[Given information]:
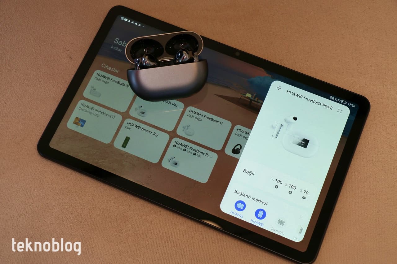 Bluetooth 5.2 desteği sayesinde Huawei FreeBuds Pro 2, eşleştirildiği cihazla her seferinde hızlı şekilde bağlantı kurmayı sağlıyor. Menzili de iyi, kaynak cihazla arada 10 metre mesafeye kadar, araya duvarlar girse bile kesintisiz bağlantı sağlanıyor. 5.2’nin getirdiği avantajlardan bir tanesi aynı anda iki cihazla bağlantı kurabilmesi. Böylelikle bilgisayarınızı, tabletinizi veya akıllı telefonunuzu aynı anda bağlı tutabilirsiniz. Örneğin, P50 Pro ve MatePad 10.4’ü FreeBuds Pro 2’ye aynı anda bağladık; tablette bir şeyler izlerken P50 Pro üzerindeki AI Life uygulamasından kulaklığın ses ve gürültü engelleme kontrollerini yapabiliyor, pil durumunu görebiliyoruz.
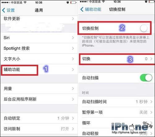 2、進入通用設置後,我們再進入“輔助功能”設置,之後在進入“切換控制”設置。然後先開啟切換控制功能,之後再點擊進入具體的切換功能選擇設置,如下圖所示:
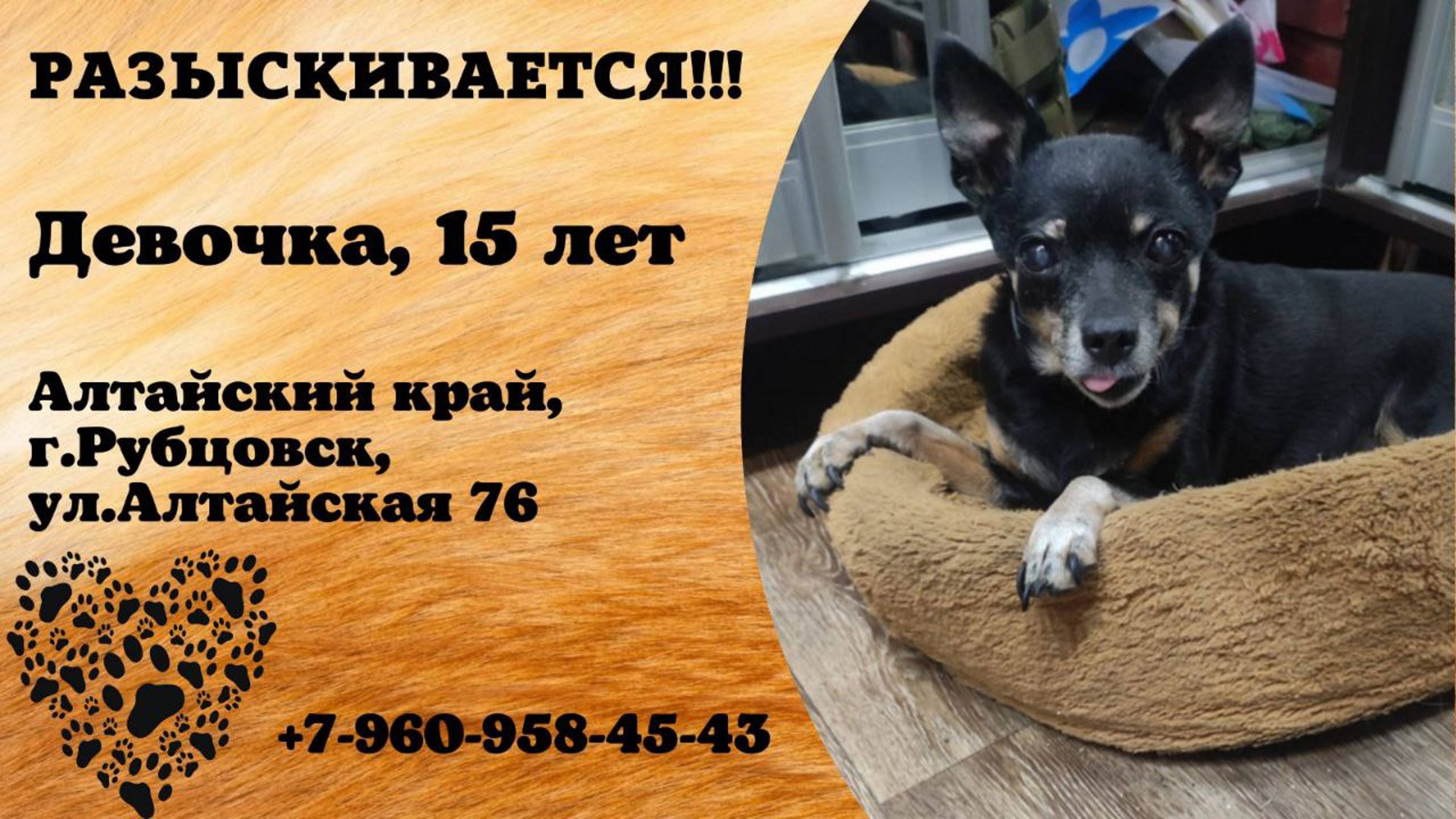 Пропала собака! Девочка, 15 лет. Алтайский край, г. Рубцовск

[Required action]: Excluding pictures, copy exactly the lines from the line containing "2、進入通用設置後,我們再進" through the last line of the data, inclusive.

[Answer to the problem]:
 2、進入通用設置後,我們再進入“輔助功能”設置,之後在進入“切換控制”設置。然後先開啟切換控制功能,之後再點擊進入具體的切換功能選擇設置,如下圖所示:
 Пропала собака! Девочка, 15 лет. Алтайский край, г. Рубцовск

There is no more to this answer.